Dedup Performance Considerations

One of the major milestones for ZFS Storage appliance with 2010/Q1 is the ability to dedup data on disk. The open question is then : What performance characteristics are we expected to see from Dedup ? As Jeff says, this is the ultimate gaming ground for benchmarks. But lets have a look at the fundamentals.

ZFS Dedup Basics

Dedup code is simplistically a large hash table (the DDT). It uses a 256 bit (32 Bytes) checksum along with other metata data to identify data content. On a hash match, we only need to increase a reference count, instead of writing out duplicate data. The dedup code is integrated in the I/O pipeline and is done on the fly as part of the ZFS transaction group (see Dynamics of ZFS, The New ZFS Write Throttle ). A ZFS zpool typically holds a number of datasets : either block level LUNS which are based on ZVOL or NFS and CIFS File Shares based on ZFS filesystems. So while the dedup table is a construct associated with individual zpool, enabling of the deduplication feature is something controlled at the dataset level. Enabling of the dedup feature on a dataset, has no impact on existing data which stay outside of the dedup table. However any new data stored in the dataset will then be subject to the dedup code. To actually have existing data become part of the dedup table one can run a variant of "zfs send | zfs recv" on the datasets.

Dedup works on a ZFS block or record level. For a iSCSI or FC LUN, i.e. objects backed by ZVOL datasets, the default blocksize is 8K. For filesystems (NFS, CIFS or Direct Attach ZFS), object smaller than 128K (the default recordsize) are stored as a single ZFS block while objects bigger than the default recordsize are stored as multiple records Each record is the unit which can end up deduplicated in the DDT. Whole Files which are duplicated in many filesystems instances are expected to dedup perfectly. For example, whole DB copied from a master file are expected to falls in this category. Similarly for LUNS, virtual desktop users which were created from the same virtual desktop master image are also expected to dedup perfectly.

An interesting topic for dedup concerns streams of bytes such as a tar file. For ZFS, a tar file is actually a sequence of ZFS records with no identified file boundaries. Therefore, identical objects (files captured by tar) present in 2 tar-like byte streams might not dedup well unless the objects actually start on the same alignment within the byte stream. A better dedup ratio would be obtained by expanding the byte stream into it's constituent file objects within ZFS. If possible, the tools creating the byte stream would be well advised to start new objects on identified boundaries such as 8K.

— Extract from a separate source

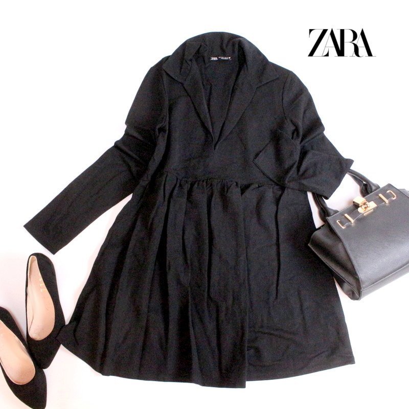 > 美品 ZARA ザラ ■ 春 ジャージ― 襟あり ティアードワンピース シャツワンピース 膝上丈 可愛い S ブラック 黒 ほんのり艶 ふんわり

Another interesting topic is backups of active Databases. Since database often interact with their constituent files with an identified block size, it is rather important for the deduplication effectiveness that the backup target be setup with a block size that matches the source DB block size. Using a larger block on the deduplication target has the undesirable consequence that modifications to small blocks of the source database will cause those large blocks in the backup target to appear unique and not dedup somewhat artificially. By using an 8K block size in the dedup target dataset instead of 128K, one could conceivably see up to a 10X better deduplication ratio.

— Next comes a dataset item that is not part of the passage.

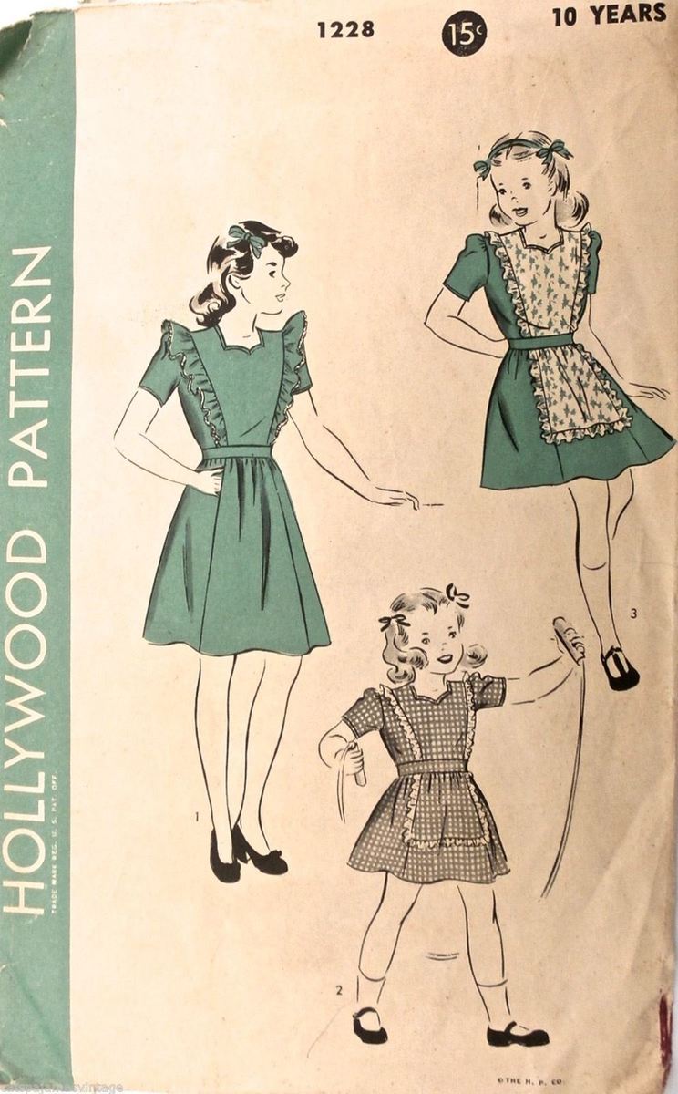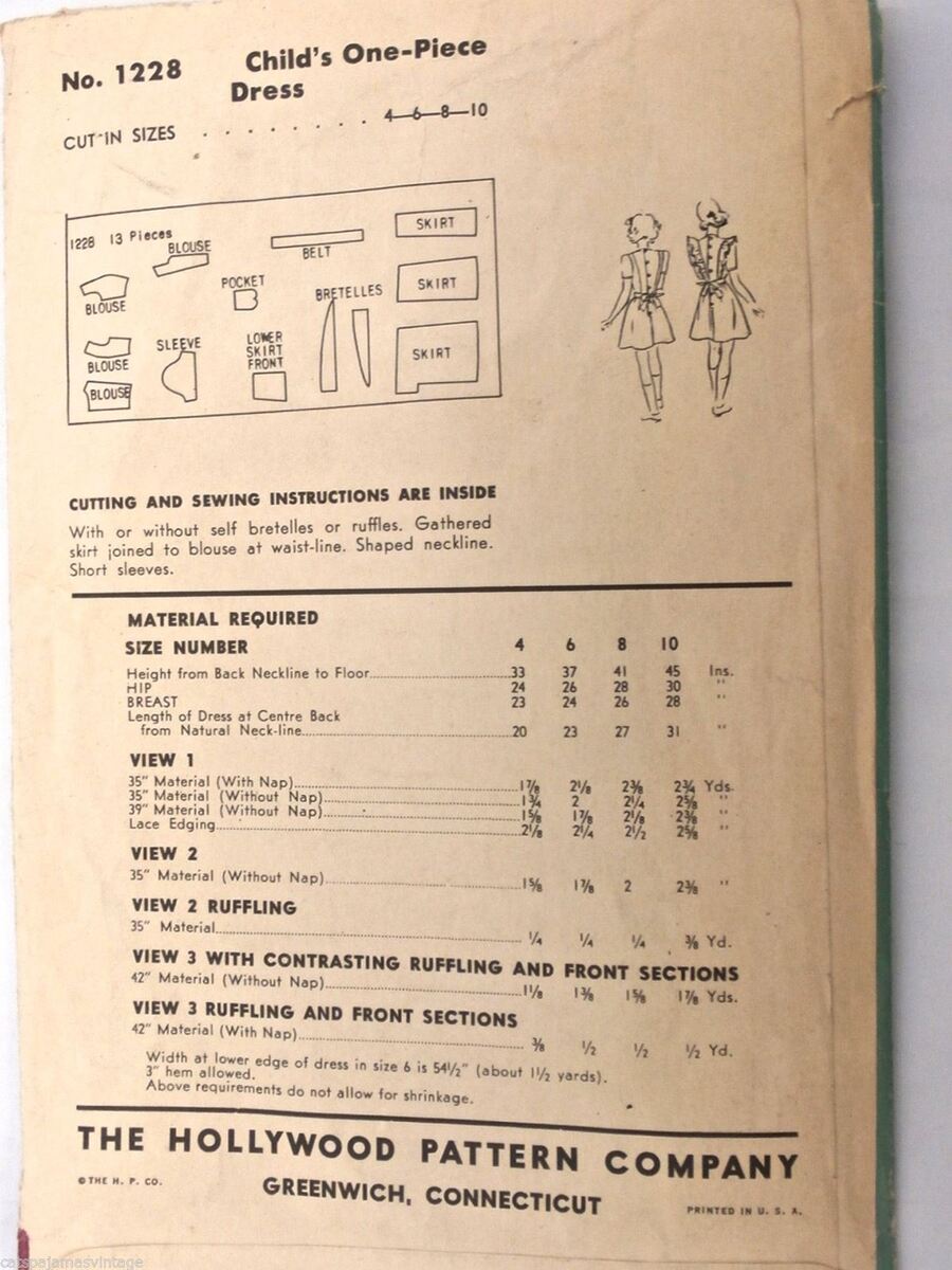 Vtg 1940s Sewing Pattern Hollywood #1228 Child's Dress 10 Years

Performance Model and I/O Pipeline Differences

What is the effect on performance of Dedup ? First when dedup is enabled, the checksum used by ZFS to validate the disk I/O is changed to the cryptographically strong SHA256. Darren Moffat shows in his blog that SHA256 actually runs at more than 128 MB/sec on a modern cpu. This means that less than 1 ms is consumed to checksum a 128K and less than 64 usec for an 8K unit. This cost is online incurred when actually reading or writing data to disk, an operation that is expected to take 5-10 ms; therefore the checksum generation or validation is not a source of concern.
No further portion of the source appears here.